Using the data below, output a verbatim copy of the lines between the one holding "TOYOTA COROLLA FIELDER S - лот 248" and the one holding "500 000 | |", inclusive, without any pictures.

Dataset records
---+---

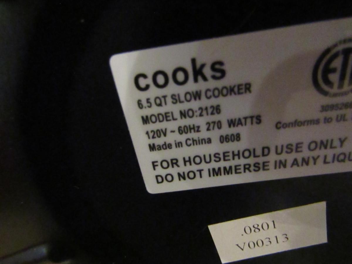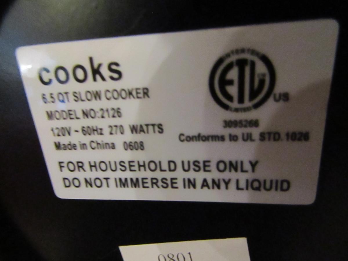 Cook's Brand Stainless Steel Finish Slow Cooker- 6 1/2 Quart Capacity (Untested)
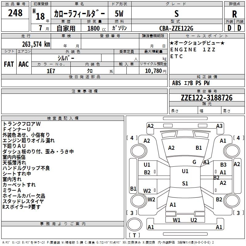 TOYOTA COROLLA FIELDER S - лот 248
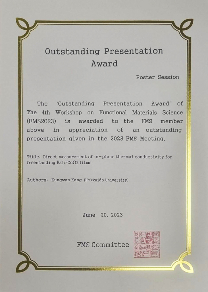薄膜機能材料研究分野のKungwan Kangさん(情報科学院博士課程1年)が、The 4th Workshop on Functional Materials Science (FMS2023) Outstanding Presentation Awardを受賞しました。本賞は、The 4th Workshop on Functional Materials Science (FMS2023)において、特に優れたポスター発表に対して授与されるものです。
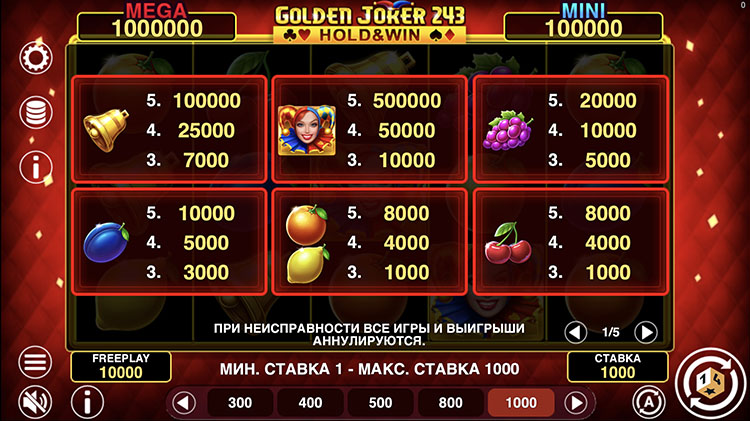 | Джокер | 10 000 | 50 000 | 500 000 | |
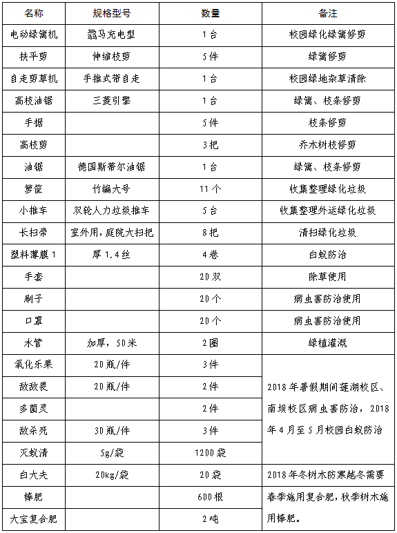 pp电子官方网站后勤处因校园绿化工作需要,拟采购一批绿化管护用品。现以公开招标方式确定供货公司,具体事项如下:
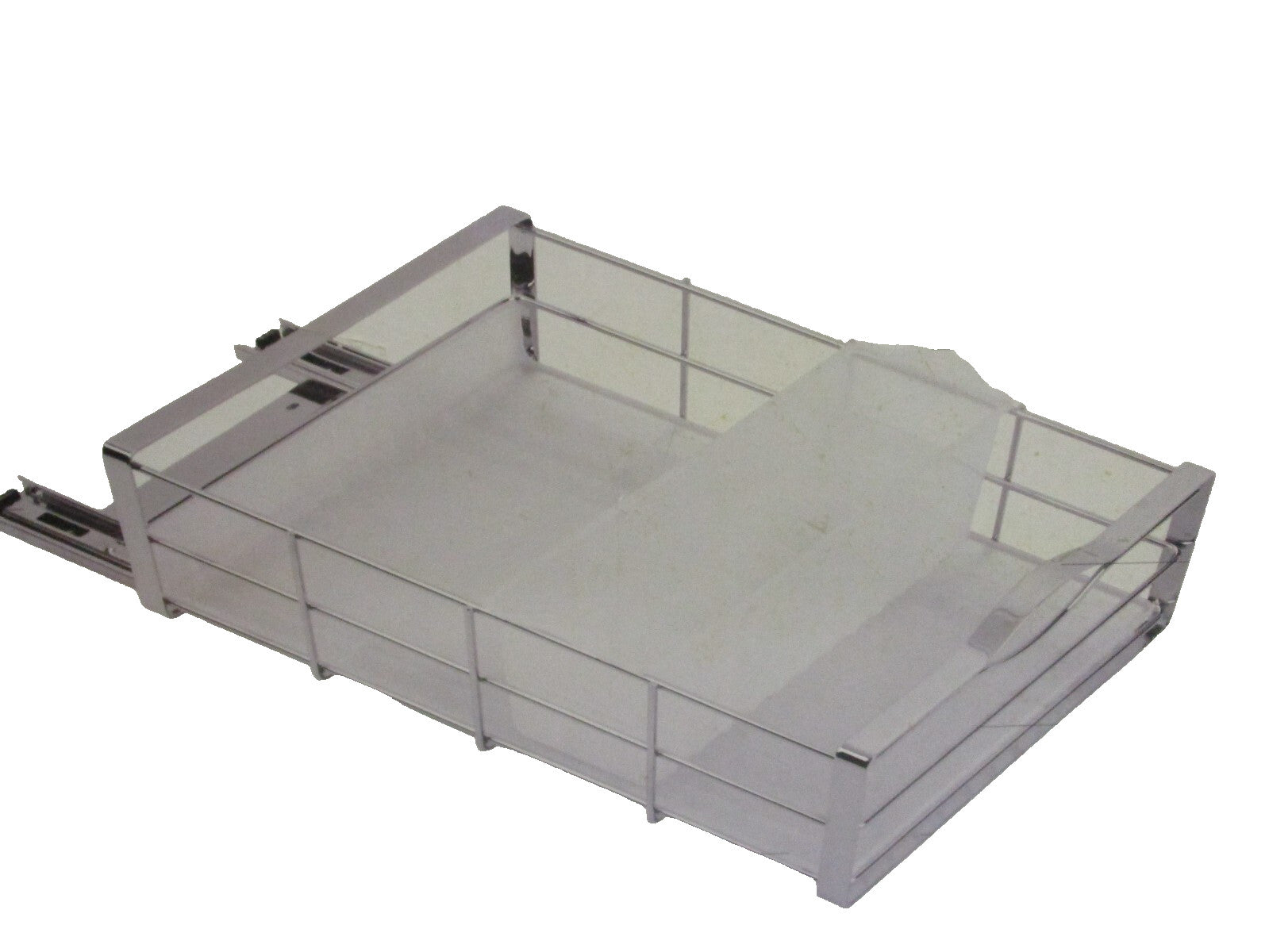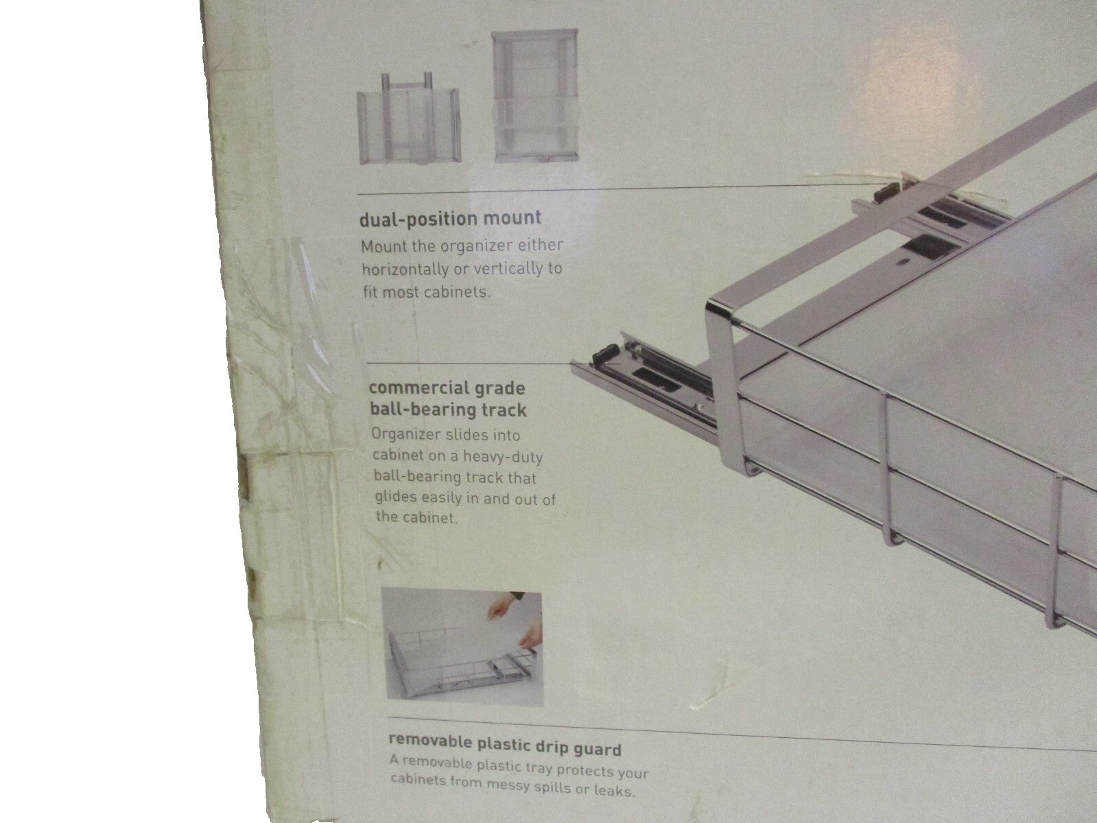 New in the original factory box.Simplehuman Chrome 14" Pull 0ut Cabinet Organizer Model KT-1048 Comercial Grade. .Measures:14"H x 20"L x 14"W.Factory box not in the best condition.The Simplehuman Chrome 14" Pull Out Cabinet Organizer Model KT-1048 is a commercial-grade slide-out shelf designed for household use. Made of chrome-plated steel, this 14-inch tall and 20-inch long organizer is perfect for organizing cabinets in the kitchen or bathroom. The simplehuman brand ensures quality and durability, making it a reliable choice for keeping your space tidy and efficient.

---+---

# SOLUTION BELOW
 TOYOTA COROLLA FIELDER S - лот 248
薄膜機能材料研究分野のKungwan Kangさん(情報科学院博士課程1年)が、The 4th Workshop on Functional Materials Science (FMS2023) Outstanding Presentation Awardを受賞しました。本賞は、The 4th Workshop on Functional Materials Science (FMS2023)において、特に優れたポスター発表に対して授与されるものです。
 | Джокер | 10 000 | 50 000 | 500 000 | |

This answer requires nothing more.